В крайнем случае (когда действует принцип “победителю достается все”) к самому пригодному узлу сходятся все или почти все связи. Чаще наблюдается модель “пригодные обогащаются”, при которой за “обильно загруженным узлом внимательно следят несколько менее загруженных узлов, а за ними следуют уже десятки еще менее загруженных узлов”[183]. Встречаются и промежуточные сети с другим устройством: например, сети дружеских связей между американскими подростками не являются ни случайными, ни безмасштабными[184].

В случайной сети, как давно уже продемонстрировали Эрдёш и Реньи, каждый узел внутри сети имеет приблизительно одинаковое количество ребер, связывающих его с другими узлами. Лучший пример из реальной жизни – это сеть автомагистральных дорог национального значения в США, где каждый крупный город имеет приблизительно одинаковое количество шоссе, соединяющих его с другими городами. Примером же безмасштабной сети является сеть воздушного сообщения США, в которой множество маленьких аэропортов связаны с аэропортами средней величины, а те, в свою очередь, связаны с несколькими огромными и оживленными аэропортами-хабами. Другие сети более высокоцентрализованны, но при этом не обязательно безмасштабны. Так, один из способов понять трагедию, которая разворачивается у Шекспира в “Гамлете”, – это построить граф, отображающий сеть взаимоотношений между его персонажами: на нем видно, что Гамлет и его отчим Клавдий обладают самой высокой центральностью по степени (то есть самым большим количеством ребер; см. илл. 7).

Теперь рассмотрим все способы, какими сеть может отличаться от своего случайного варианта (см. илл. 8). Сеть может быть чрезвычайно детерминированной и неслучайной: такова, например, кристаллическая решетка или сетка, в которой каждый узел имеет точно такое же количество ребер, как и все остальные (внизу слева). Сеть может быть модульной – это значит, что ее можно разбить на ряд отдельных кластеров, но при этом их будет объединять небольшое количество связей (внизу справа). Сеть может быть и гетерогенной (разнородной), так что все узлы будут сильно отличаться друг от друга с точки зрения центральности по степени: подобная картина типична для безмасштабных сетей, какие представляют собой интернет-сообщества (вверху слева). Некоторые сети являются одновременно иерархичными и модульными – как, например, сложные генетические системы, регулирующие метаболизм: в них некоторые подсистемы помещены под контроль других (вверху справа)[185].


Илл. 7. Простая (но трагическая) сеть: “Гамлет” Шекспира. Гамлет лидирует с точки зрения центральности по степени (16 связей по сравнению с 13 связями Клавдия). “Зона смерти” в пьесе охватывает персонажей, связанных одновременно с Гамлетом и Клавдием. (См. фото.)

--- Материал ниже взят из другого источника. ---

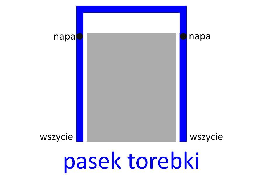 Pasek będzie wszyty w dolnych rogach torebki i na koniec przyczepiony napą (lub przyszyty u góry torebki).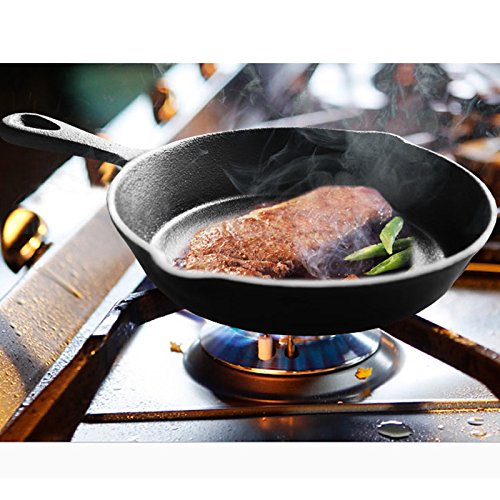 Multi-functional: This 8" cast iron skillet is perfect for smaller portions of any entree,or can be used on its own as a serving piece.Use this cast iron skillet when heating up fajitas,bacon,eggs,and even steak.It is great for indoor use,in the oven,on the stove,or outdoor on a campfire.Pre-Seasoned and ready-to-use.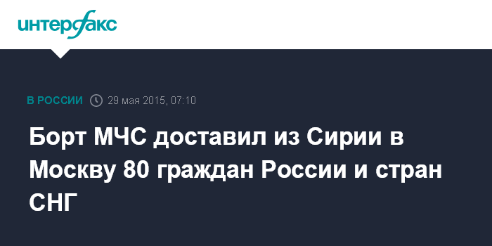 Москва. 29 мая. INTERFAX.RU - Самолет МЧС России Ил-76 доставил из Сирии в Москву 80 граждан РФ и стран СНГ, пожелавших покинуть зону вооруженного конфликта, сообщили в пресс-службе МЧС.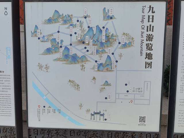 九日山的景点分部图,重点是东峰和西峰石刻,那里有中国古代唯一的祈风石刻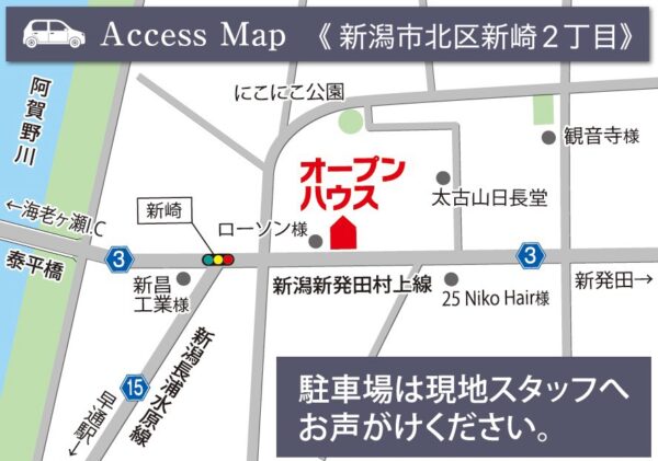 - 新潟市北区新崎2丁目 ローソン 新潟新崎2丁目店様近く のぼり旗を目印にお越しください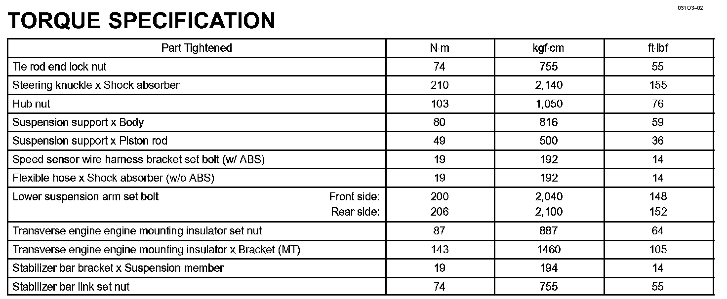 Front Suspension - Torque Specification: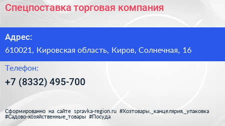 Спецпоставка, торговая компания по адресу 610021, Кировская область, Киров, Солнечная, 16 в дальнейшем Организация, размещена в следующих категориях: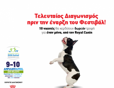 Το dogfestival.gr διοργανώνει διαγωνισμό και δίνει τη δυνατότητα σε 10 τυχερούς να κερδίσουν την τροφή για το σκυλάκι τους για 1 μήνα!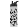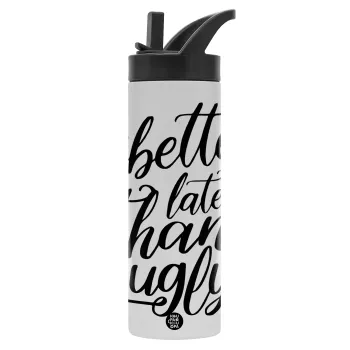 Better late than ugly, Metallic thermos bottle with straw & handle, stainless steel (Stainless steel 304), double-walled, 600ml.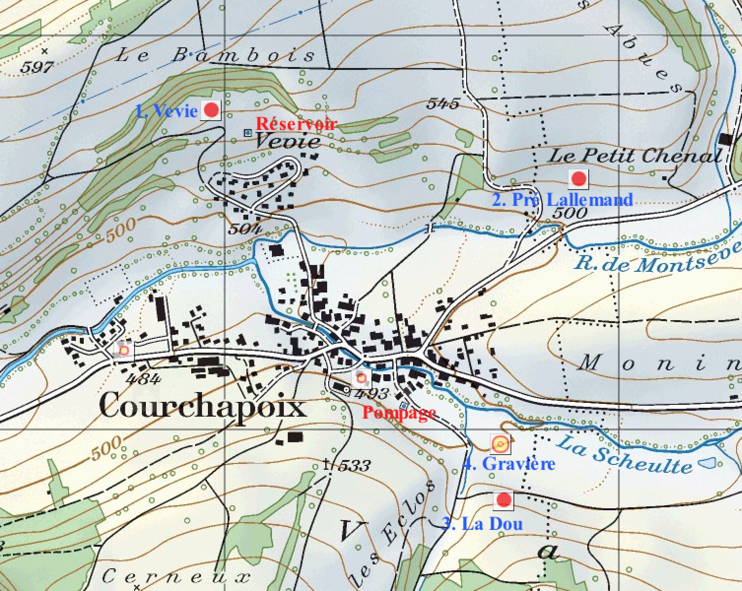 4. Gravière : nappe phréatique, eau remarquée dans les drainages par Maeder, captée en 1958. C’est la principale possibilité d’obtenir de l’eau. Cette eau est pompée dans la nappe phréatique qui s’étend entre Courchapoix et Corban. En surface, une zone de protection est délimitée.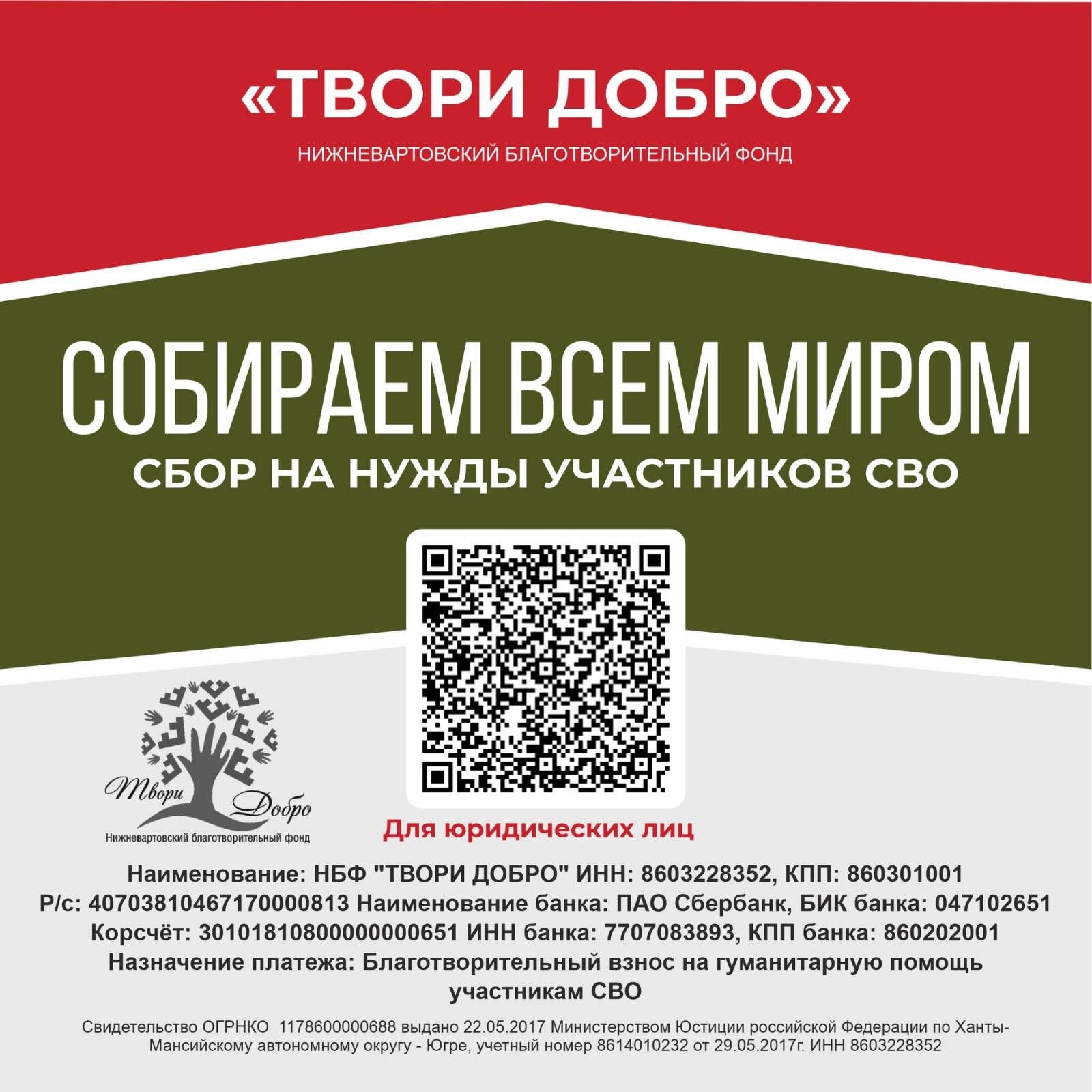 Напомним, что история фонда «Твори добро» началась с объединения нескольких предпринимателей города, которые помогали по мере возможности. Первый руководитель фонда Василий Сочилин предложил использовать имеющийся ресурс для нужд СВО. При поддержке администрации города удалось вовлечь в общее дело и других представителей местного бизнес-сообщества. Инициаторами выступили общественные организации Нижневартовска. Глава города Дмитрий Кощенко поддержал общественников.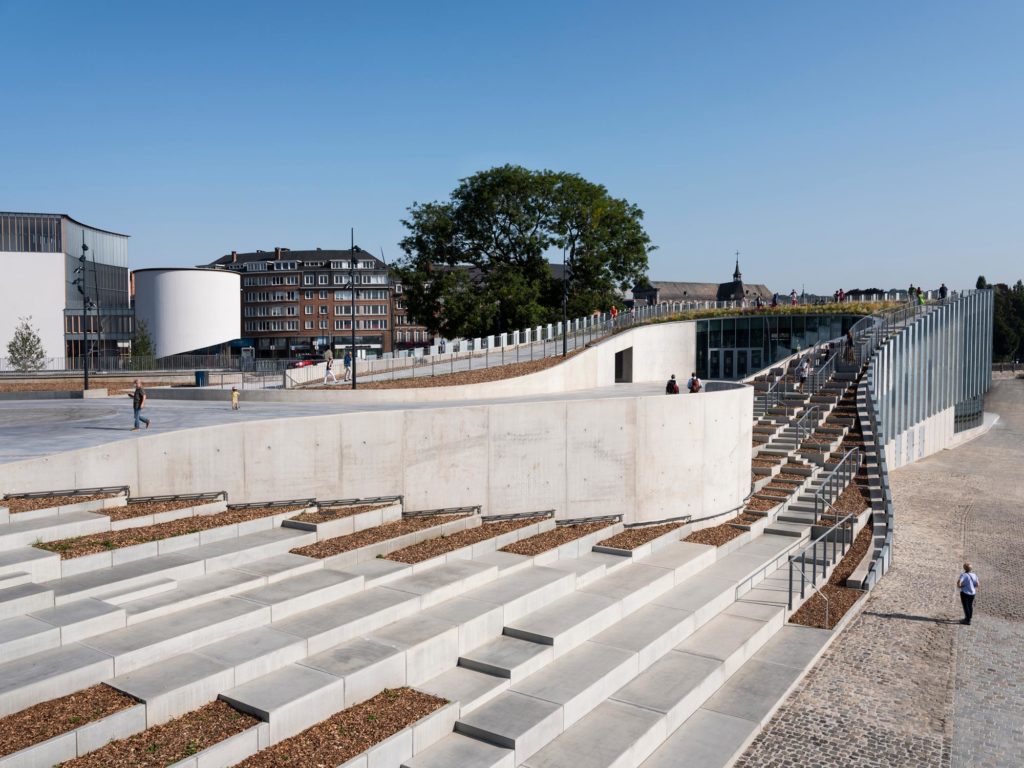 In particular, this article discusses the most recent project, Grognon exhibition space dedicated to the history of digital technologies. The structure’s shape is created by a sequence of organic curves that form one continuous gesture. This establishes a conversation with the surroundings while remaining respectful of the site’s heritage. The landscape-like form allows the historical park to remain on top of the structure, while the roof slopes down to the Meuse River, creating a tiered plaza with wide grassy stairs. This new public square facilitates a variety of activities, eg. urban festivals and street performances, while also providing the city with a new social area. The terraced slope continues with a riverside walkway and a floating platform where musical concerts may be held.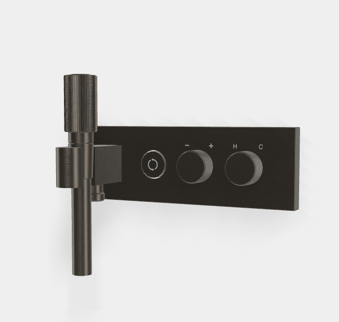 Смеситель для душа, Fima Carlo Frattini, Switch ON, на 2 потребителя, тип открывания воды-нажимной (кнопки), тип регулирования воды-керамический картридж, монтаж-настенный встраиваемый, отверстия для монтажа-4, с душевым комплектом, механическая ручка для смешивания, ручка открытия и регулировки потока, кнопочный переключатель, ручной душ с защитой от извести анти-кальк, держатель для душа с подводом воды, чёрный шланг-1500 мм, внутренняя часть-необходимо заказать, цвет-хром черный брашированный Смеситель для душа, Fima Carlo Frattini, Switch ON, на 2 потребителя, цвет-хром черный брашированный

Теперь мы ясно видим, что иерархия – отнюдь не противоположность сети: напротив, она является лишь одной из разновидностей сетей. Как показано на илл. 9, ребра в идеализированной иерархичной сети выстраиваются в регулярную модель: начинают опускаться с самого верхнего узла, а затем образуют определенное количество подчиненных узлов. К каждому подчиненному узлу прибавляется точно такое же количество новых подчиненных узлов и так далее. Главный принцип – наращивать новые узлы в направлении сверху вниз, но никогда не соединять узлы вбок, по горизонтали. Сети, устроенные таким образом, обладают особыми свойствами. Прежде всего, они не зациклены, то есть ни один путь не ведет от узла обратно к нему самому. Существует лишь один путь, соединяющий любые два узла, что вносит ясность в цепи командования и сообщения. Что еще важнее, верхний узел обладает наибольшей центральностью по посредничеству и центральностью по близости, а это значит, что вся система задумана так, чтобы максимально увеличить способность этого узла и получать и контролировать информацию. Как мы еще увидим, мало какие иерархии осуществляют столь полный контроль над информационными потоками, хотя Советский Союз при Сталине приблизился к этому уровню. На деле большинство организаций являются иерархичными лишь частично, чем-то напоминая в этом отношении “кооперативные иерархии”, существующие в природе[186]. Тем не менее целесообразно представлять себе чистую иерархию как “противную случайным связям” – в том смысле, что беспорядочные взаимодействия, какие обычно ассоциируются с сетями (и прежде всего с образованием кластеров), в ней запрещены.


Илл. 8. Разновидности сетей (БМ: безмасштабные; ЭР: Эрдёша – Реньи, то есть случайные).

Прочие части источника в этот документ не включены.